At precisely noon on a steamy Louisiana Fourth of July in 2005, Dale Stram was prepping a property to be seen by a prospective buyer when he was startled by a fleeting gust of cool air.

Returning to his car and phone about a half hour later, he saw he had missed numerous calls from his wife, Janet, and St. Tammany Parish hospital, where his father, Hank, had been in the hospice unit.

He frantically called Janet to confirm what he knew.

Then he pleaded with his puzzled wife to tell him the exact time Hank Stram had died.

It had been high noon, as it happened.

The convergence of timing had profound spiritual meaning to Dale Stram, who had been at his father’s side virtually day and night through his last years spent battling debilitating illnesses.

“It was like Dad on his way out hit me with this thing that gave me this great peace, this feeling that everything was going to kind of be all right,” he said. “It was unbelievably powerful.”

Such was the force of nature that was Hank Stram, whose vast and fascinating legacy still flourishes and swirls all around us and the game he helped morph into its modern form.
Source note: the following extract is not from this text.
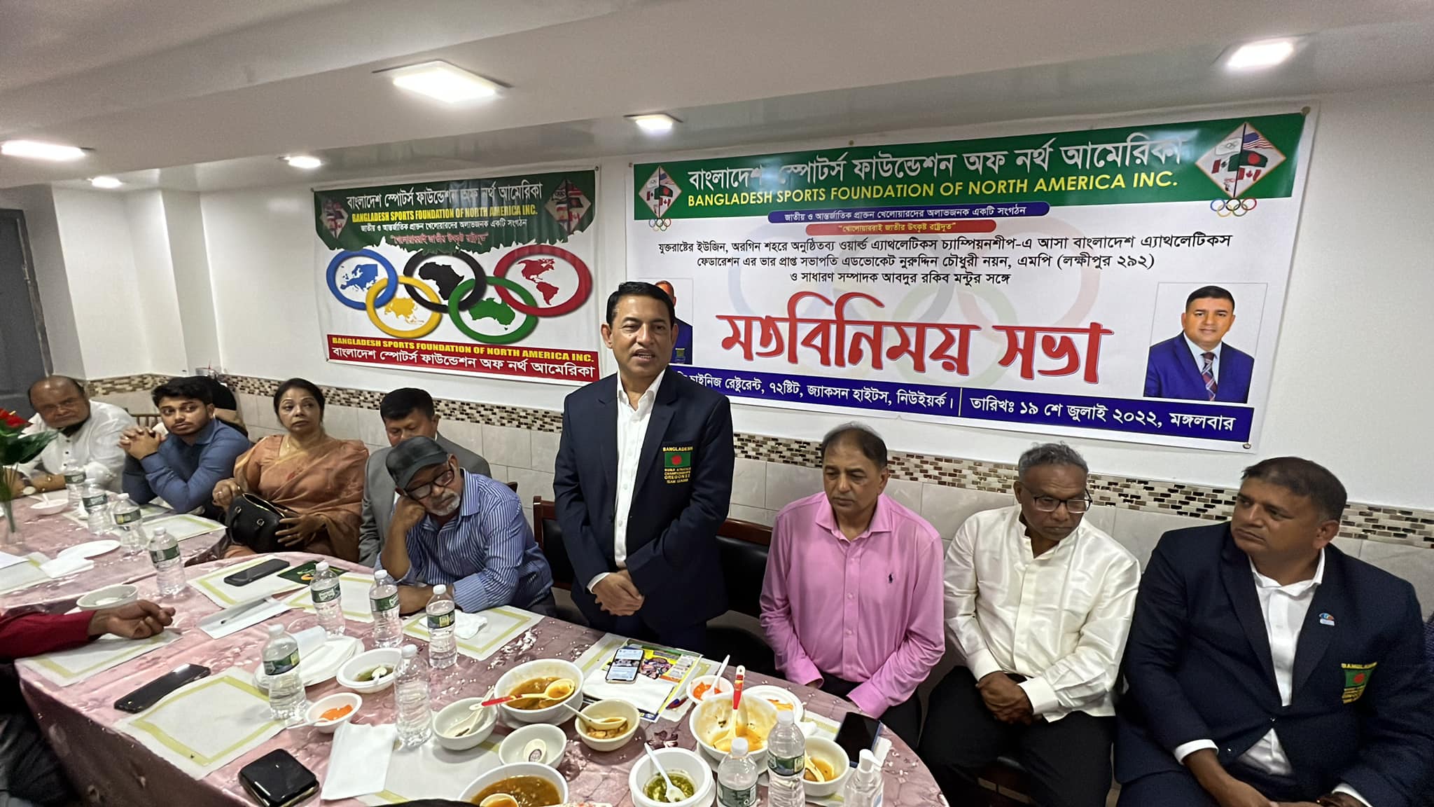 ইউএসএনিউজঅনলাইন.কম : যুক্তরাষ্ট্র সফররত বাংলাদেশ অ্যাথলেটিক্সফেডারেশনের সভাপতি এডভোকেট নুর উদ্দীন চৌধুরী নয়ন এমপি এবং সাধারণ সম্পাদক অ্যাডভোকেট আবদুর রকিব মন্টুর সাথে নিউইয়র্কে যুক্তরাষ্ট্র প্রবাসীদের মতবিনিময় সভা অনুষ্ঠিত হয়েছে। নিউইয়র্কের জ্যাকসন হাইটসে ইটজি পার্টি সেন্টারে গত ১৯ জুলাই সাবেক জাতীয় ও আন্তর্জাতিক খেলোয়ারদের সংগঠন বাংলাদেশ স্পোর্টস ফাউন্ডেশন অব নর্থ আমেরিকা এ মত বিনিময় সভার আয়োজন করে।

That’s more acutely so as Super Bowl 50 on Sunday harkens to the first edition of the game, which matched Stram’s Chiefs of the upstart AFL against the Green Bay Packers of the establishment NFL.

There never was and never will be another one like Stram, the colorful, charming, staccato-chirping innovator who three years after the devastating 35-10 loss guided the Chiefs to their only Super Bowl triumph with a 23-7 clobbering of Minnesota.

Such memories surged toward his widow, Phyllis, in the Arrowhead Stadium tunnel at halftime of the Chiefs’ Sept. 17 game with Denver during a reunion of Chiefs Super Bowl teams.

Surrounded by players her husband loved and who loved him, all so much older now, others conspicuous by their absence, she sat and cried.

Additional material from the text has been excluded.